Alte Gewohnheiten, neues Leben
Auch Skrypak will Französisch lernen. Es sei die beste Möglichkeit, auf dem Arbeitsmarkt fündig zu werden. Wie lange sie bleiben wird, weiß sie nicht. Denn aus der Heimat erreichen sie bereits nervöse Töne. In Kiew beschreibt man ihre Flucht teils mit abwertenden Worten. „Man wirft uns vor, dem Land nicht treu zu sein. Als hätten wir aufgegeben.“
Genau wie damals der Syrer hat auch sie die schwere Entscheidung getroffen, ihr altes Leben auf unbestimmte Zeit hinter sich zu lassen. Dass der gesprächige Coach in Luxemburg Fuß fassen konnte, verdankt er nicht nur seinem Sport. Aber Karate war ein Weg, zumindest einen Teil seiner Routinen und Gewohnheiten weiterzuleben. In Differdingen wurde man 2015 auf ihn aufmerksam, stellte ihn als Teilzeitcoach ein. Heute sei der Sport, von dem er früher leben konnte, nur noch ein Hobby. „Mit einer einzigen Bombe wurde die Halle, die ich aufgebaut hatte, komplett zerstört.“ Suhail weiß heute, wie es sich anfühlt, wieder bei Null anfangen zu müssen. „Ich lebe jetzt in der Gegenwart. Niemand weiß, was morgen ist.

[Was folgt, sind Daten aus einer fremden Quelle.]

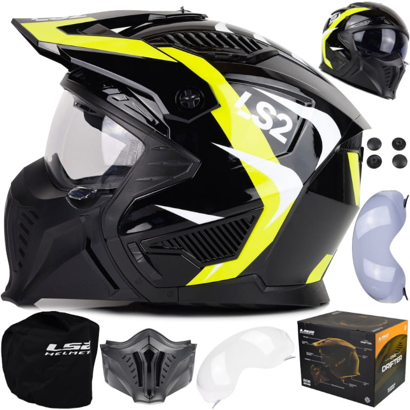 Kask LS2 OF606 Drifter, pokrowiec na kask, odblaskowe naklejki, jasna i przyciemniana szyba.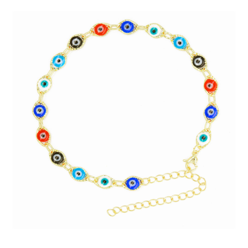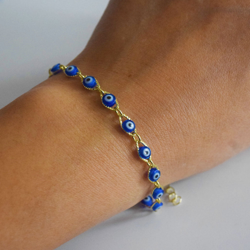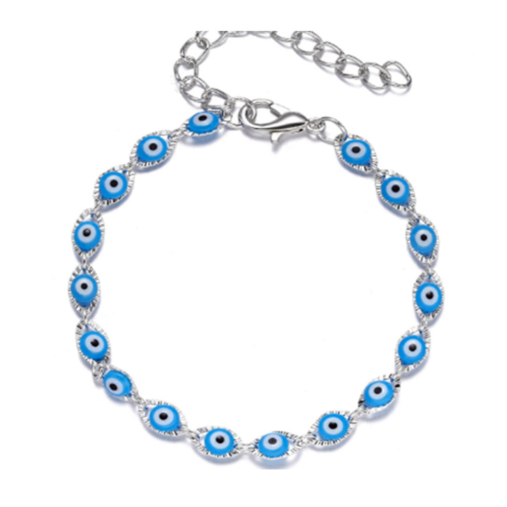 brass alloy blue turkish evil eyes bead beaded chain charm bracelet anklet and necklace jewelry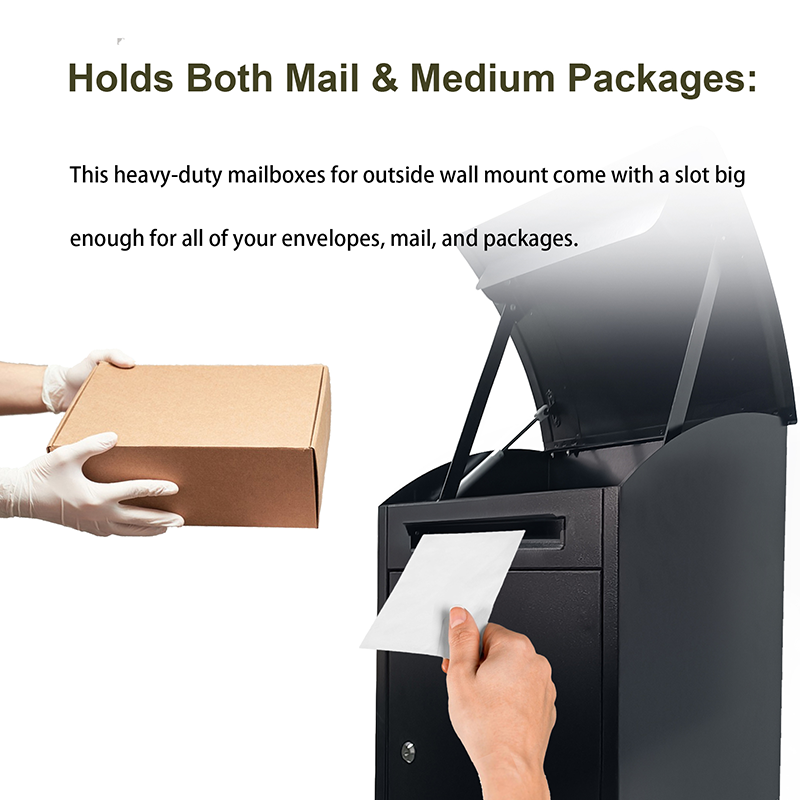 Weatherproof: The parcel box is made of sturdy galvanized steel with a powder coating finish, which make parcel box corrosion-proof, and the anti-water struction against rain and wind.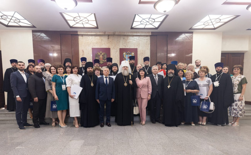 Приветствие участникам заседания от представителя Президента Российской Федерации в ЮФО Владимира Устинова передал его заместитель Анатолий Сафронов. С приветственными словами также обратились министр общего и профессионального образования Ростовской области Тамара Шевченко, заведующий сектором мероприятий и конкурсов Синодального отдела религиозного образования и катехизации Русской Православной Церкви иеромонах Трифон (Умалатов) и председатель Экспертной комиссии Конкурса Ирина Стеценко, которая подвела итоги конкурса.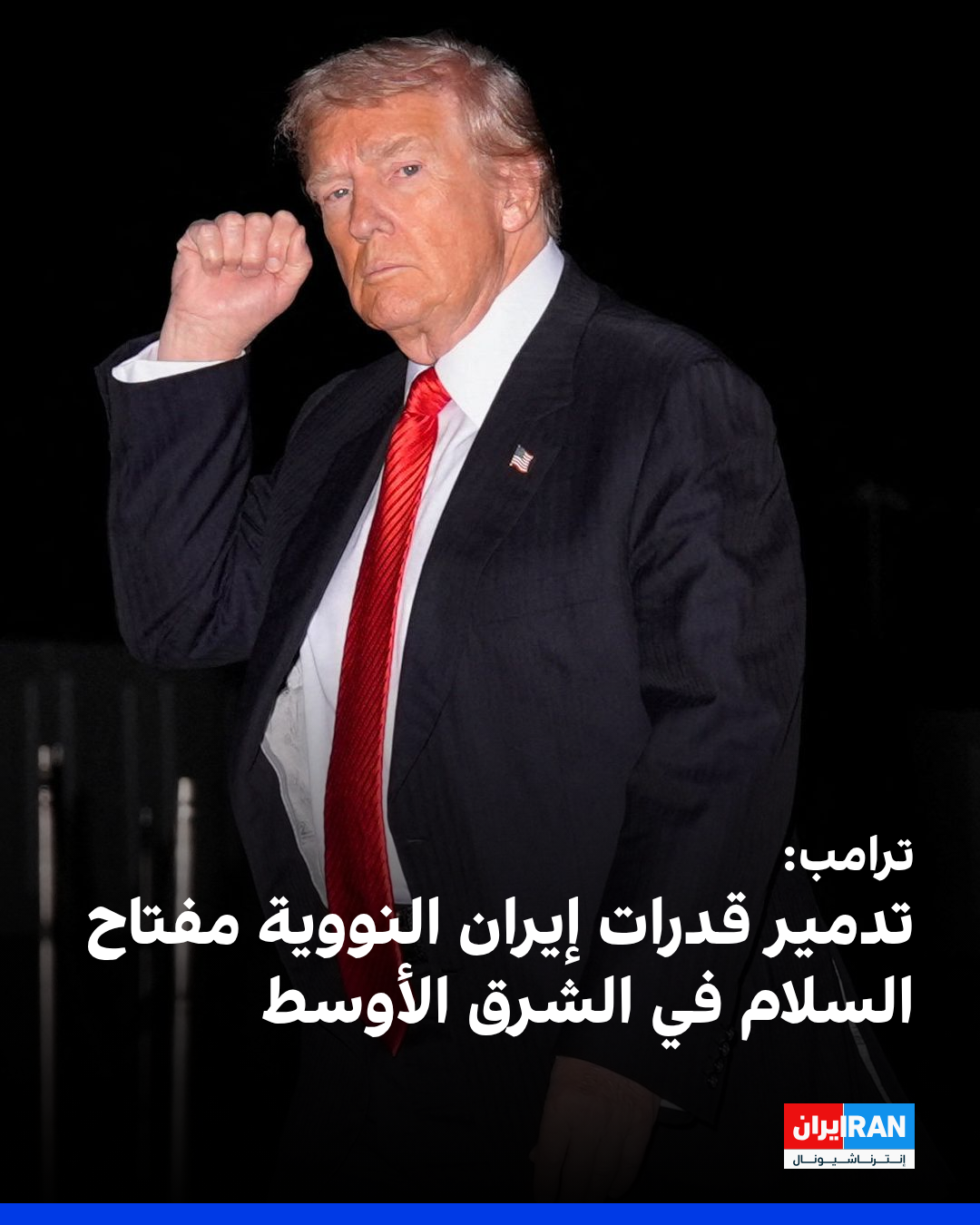 وردًا على سؤال حول تقييمه للوضع الحالي، قال ترامب إنه على يقين تام بأن القدرات النووية لإيران التي كانت تمكّنها من إنتاج قنبلة ذرية قد دُمّرت بالكامل".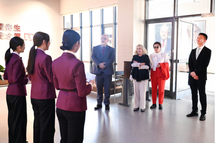 会后,加方团组走进“思贤堂”专题纪念展,近距离感受我校的学术积淀和育人传统。馆内陈列的泛黄手稿、珍贵影像及实物展品,吸引团组一行久久驻足,他们与学生讲解员频频互动,深入了解杨曾武、李宝震先生“严谨治学、潜心育人”的精神风范。随后,团组来到综合体育馆,参观了学校体育工作成就展,并对这座融书卷气息、体育精神与现代化设施于一体的场馆给予高度评价。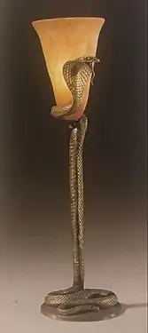 As a result of Brandt's Escalier Mollien commission, Brandt's influence among the publicity and the decorative-arts community increased. In turn, he began to expand his presence and started to collaborate with architects, the Daum Freres glassworks, and the suppliers of marble and alabaster. Brandt did a number of works with Daum, specifically when designing lamps and chandeliers. Two lamps in particular Brandt designed with Daum are the La Tentation and the Cobra lamps. Both lamps depict snakes rising from their bases and cradling an alabaster Daum glass shade. Favier began working with Brandt in 1919 when Brandt sought him out to create a new set of buildings to house the Brandt company. From that time on, Favier headed Brandt's design staff up until he resigned in 1927. Favier worked on a number of works with Brandt including Brandt's work in the 1925 Exposition.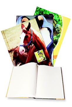 Linkovaná záznamní kniha v laminovaných deskách. Bělený papír, lepená vazba.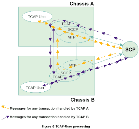 每個TCAP將所有接收的信息傳遞到同機箱中的TCAP用戶任務(wù)中,根據(jù)每一個TCAP中不同的應(yīng)用層或用戶,將TCAP層的應(yīng)用程序發(fā)送的傳送會話和組件原語傳遞給正確的TCAP。在一個雙系統(tǒng)環(huán)境中,接收的消息可以在任何MTP和SCCP層上共享。因此,一個TCAP層接收由其他TCAP處理的應(yīng)用在激活事務(wù)上的TCAP消息是可能的。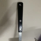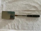 The Vintage Stainless Steel USA Spatula is a collectible kitchen tool perfect for flipping pancakes, burgers, and other dishes. Made in the USA, this spatula boasts a classic design and durable stainless steel construction. Its ergonomic handle provides a comfortable grip, making it a practical and stylish addition to any kitchen collection. Ideal for cooking enthusiasts or vintage collectors, this spatula combines functionality with a touch of nostalgia. The only markings that I see on this flipper are lettering near the handle and it says stainless steel USA and there are two little tiny stars. It looks like an ECKO turner, but I am not entirely sure. There are some surface scratches and signs of use but still has many years to go. The handle is some kind of very dark smooth plastic. Maybe Bakelite . It is well made. Please see all photos.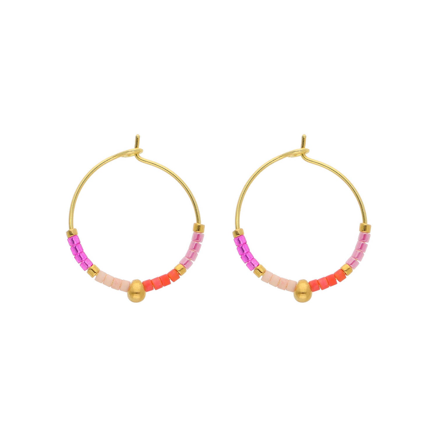 Øreringene er udført i 18 kt. forgyldt sterling sølv og prydet med glasperler, der tilfører et drømmende og farverigt udtryk. Denne kombination af materialer sikrer en holdbar og samtidig iøjnefaldende accessory. Med Nuni Copenhagens signatur på trendy og moderne smykker, får du et stykke tilbehør, der skiller sig ud og komplementerer din individualitet.

Ich lasse mein Geld nicht mehr auf einem Konto auf einer Bank.“ Dann sagt er zwei Sätze, die Skrypak während der Heimfahrt mehrere Male wiederholen wird: „Du wirst sehen, in einem Jahr wird das alles für dich schon sehr viel einfacher sein. Aber du musst irgendwo anfangen.“
Für ihn selbst war das der Karate. Inzwischen hat der Luxemburger, der in seiner ersten Heimat auch als Barber gearbeitet hat, neue Pläne. Ein eigenes Salon, irgendwo in Luxemburg. „Der erste Haarschnitt ist kostenlos“, fügt er mit einem breiten Lächeln hinzu. Bevor es soweit ist, will er mit der Ukrainerin in Kontakt bleiben – ihr die wunderbaren Kochkünste seiner Frau zeigen. Wie luxemburgisch er inzwischen ist, zeigt auch, dass er ganz genau weiß, wieviel man für ein Kilo Tomaten bei „Cactus“ hinblättern muss.